Re: Database design

From: mAsterdam <mAsterdam_at_vrijdag.org>
Date: Sat, 25 Feb 2006 14:41:21 +0100
Message-ID: <44005e37$0$11062$e4fe514c_at_news.xs4all.nl>


Mark Johnson wrote:
> mAsterdam wrote:
>
>

>>Mark Johnson wrote:
>>
>>>But there are important considerations
>>>addressed by database builders having to
>>>do with integrity (floating, loose records), and simply the rate at
>>>which queries can be performed. That was the reason for many looking
>>>to an explict/full/materialized path for such tables which otherwise
>>>violate the basics of the RM. The idea was that tables derived from
>>>the RM would not be ordered. But these hierarchical tables are
>>>explicitly ordered and by self-referential links. It's even worse than
>>>mere 'storage order'. And if one were to suggest - but wait, it's
>>>basically a bunch of normalized tables all overlayed on the same
>>>logical table for convenience, and because it lends itself easily to
>>>automated programmatic control - they'd probably be having none of
>>>that, particularly because one is not constrained to view any
>>>particular list, but could pick any tree, or the table as a whole,
>>>intentionally or by mistake.

>
>

>>I guess that if I spend some time on this, I may extract some sensible >>statements out of this.

In the labour division between one writer and many readers it be better that the writer do the extraction work.

> Are you saying that you find the above, confusing?

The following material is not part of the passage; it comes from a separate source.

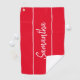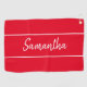 Modern Red White Script Monogram Womens Golf Towel
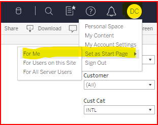 Some people want Tableau to open on the page of their choice. To set your current page as the opening home page click on your profile icon in the upper right and select the start page options.

No, confused. As I said (you deleted it, so I'll quote):

>> In the labour division between one writer and >> many readers it be better that the writer do the extraction work.

> Let me break it down:
>
> "there are important considerations addressed by database builders
> having to do with integrity (floating, loose records), and simply the
> rate at which queries can be performed."
>
> It is recommended that SQL be used to perform the basic operations on
> the dataset. Some object model coding, instead, might be used with
> these hierarchical, self-referential table schemes, which was the
> subject, here. That could introduce error. One sort of error might
> have to do with integrity, which typically refers to a loss of
> reference among particular elements; something called 'dangling
> records', or such. And more importantly, in order to reconstruct the
> structure, an access path must be 'chased' which can take time,
> depending on the speed of the routine which performs what would be
> this frequent, routine function. Oracle, for example, provides such an
> extension called, Connect By, and related extensions.

Yep. Are you saying that to deal with hierarchies in SQL databases you have to put some effort into it? Some of the contributors to this newsgroup wrote articles and even books about it.

> "That was the reason for many looking to an explict/full/materialized
> path for such tables which otherwise violate the basics of the RM."
>
> In order to avoid the use of such 'chasing' functions, many have
> suggested using an explicit path. One way to preserve storage is to
> minimally represent that path as the concatenation of sort values. If
> a list is a super-tree, a tree above or superior to another, contained
> four items in order, with an attribute to record that ordering, then
> the first position on the path would be that number, taken from that
> attribute. And that path itself would be stored in another attribute,
> which could also serve as a primary key. A node on its subtree, also
> in a particular order, would take the number just found for the
> superior node, add a dot or slash or whatever, some separator, and
> then it's own sort value, for its primary key, to continue describing
> the explict path. As for the basics of the RM, the very idea of
> sorting the relation, or relationship, could well not correspond to
> either the notion of a relation or relationship. For while the row
> might in some sense correspond to an ordered tuple, and as represented
> in a grid it would be placed in one column of the same domain, and not
> another, the tuples or elements themselves are not supposed to be in
> any particular order. That's the point of contention.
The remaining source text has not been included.